Data excerpts
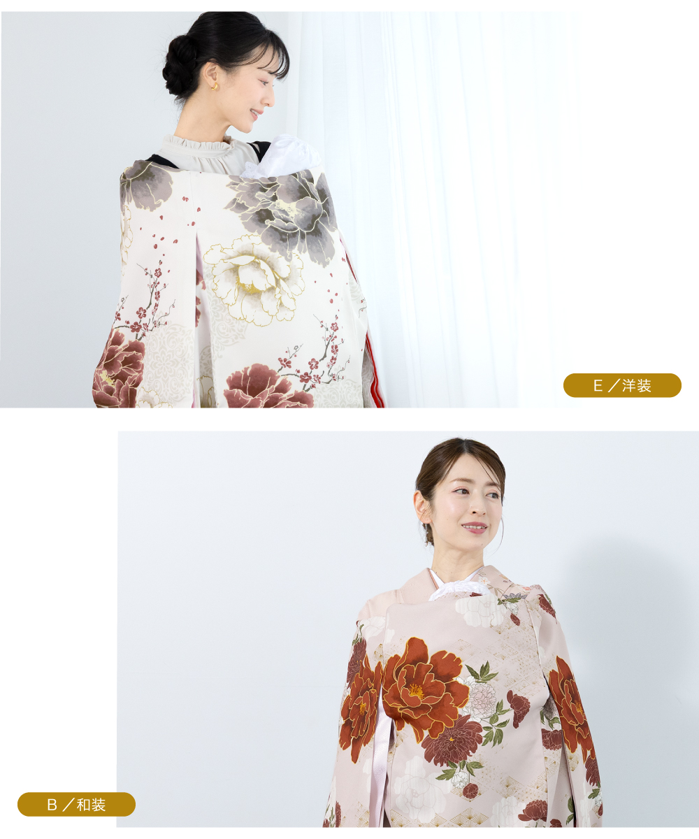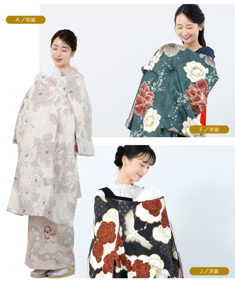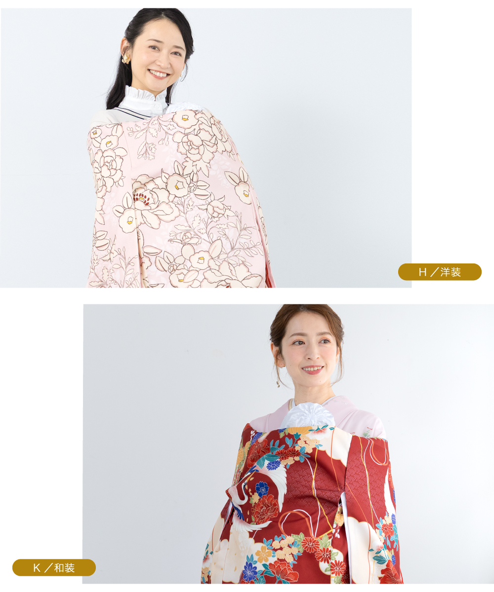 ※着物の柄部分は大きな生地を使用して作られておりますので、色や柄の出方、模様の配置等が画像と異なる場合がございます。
==
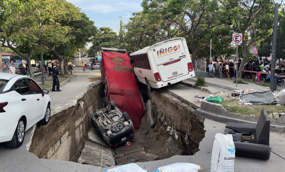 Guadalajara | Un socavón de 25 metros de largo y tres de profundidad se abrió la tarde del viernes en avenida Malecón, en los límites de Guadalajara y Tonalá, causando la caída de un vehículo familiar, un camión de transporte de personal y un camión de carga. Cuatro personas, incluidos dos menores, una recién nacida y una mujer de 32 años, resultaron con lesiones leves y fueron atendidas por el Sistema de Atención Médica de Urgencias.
...
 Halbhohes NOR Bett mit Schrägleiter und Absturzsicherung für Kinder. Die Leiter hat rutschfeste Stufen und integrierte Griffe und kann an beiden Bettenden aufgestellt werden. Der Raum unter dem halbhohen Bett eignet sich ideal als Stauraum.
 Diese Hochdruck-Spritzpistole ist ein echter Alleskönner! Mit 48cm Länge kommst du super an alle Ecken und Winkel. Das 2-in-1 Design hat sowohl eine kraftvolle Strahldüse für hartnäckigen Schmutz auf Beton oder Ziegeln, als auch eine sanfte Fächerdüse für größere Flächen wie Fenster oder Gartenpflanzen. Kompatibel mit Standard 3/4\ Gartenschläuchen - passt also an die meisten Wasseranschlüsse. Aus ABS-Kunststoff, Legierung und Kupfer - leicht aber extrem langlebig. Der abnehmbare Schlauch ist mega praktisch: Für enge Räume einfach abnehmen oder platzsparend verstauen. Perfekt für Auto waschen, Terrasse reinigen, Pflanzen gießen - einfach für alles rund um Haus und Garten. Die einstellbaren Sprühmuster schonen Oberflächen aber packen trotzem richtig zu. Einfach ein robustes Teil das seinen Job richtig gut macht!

What to work on
Would you print, exactly as written, every line above from the one holding "Halbhohes NOR Bett" through the one holding "Diese Hochdruck-Spritzpistole ist", with both included and no other lines?

Expected answer
 Halbhohes NOR Bett mit Schrägleiter und Absturzsicherung für Kinder. Die Leiter hat rutschfeste Stufen und integrierte Griffe und kann an beiden Bettenden aufgestellt werden. Der Raum unter dem halbhohen Bett eignet sich ideal als Stauraum.
 Diese Hochdruck-Spritzpistole ist ein echter Alleskönner! Mit 48cm Länge kommst du super an alle Ecken und Winkel. Das 2-in-1 Design hat sowohl eine kraftvolle Strahldüse für hartnäckigen Schmutz auf Beton oder Ziegeln, als auch eine sanfte Fächerdüse für größere Flächen wie Fenster oder Gartenpflanzen. Kompatibel mit Standard 3/4\ Gartenschläuchen - passt also an die meisten Wasseranschlüsse. Aus ABS-Kunststoff, Legierung und Kupfer - leicht aber extrem langlebig. Der abnehmbare Schlauch ist mega praktisch: Für enge Räume einfach abnehmen oder platzsparend verstauen. Perfekt für Auto waschen, Terrasse reinigen, Pflanzen gießen - einfach für alles rund um Haus und Garten. Die einstellbaren Sprühmuster schonen Oberflächen aber packen trotzem richtig zu. Einfach ein robustes Teil das seinen Job richtig gut macht!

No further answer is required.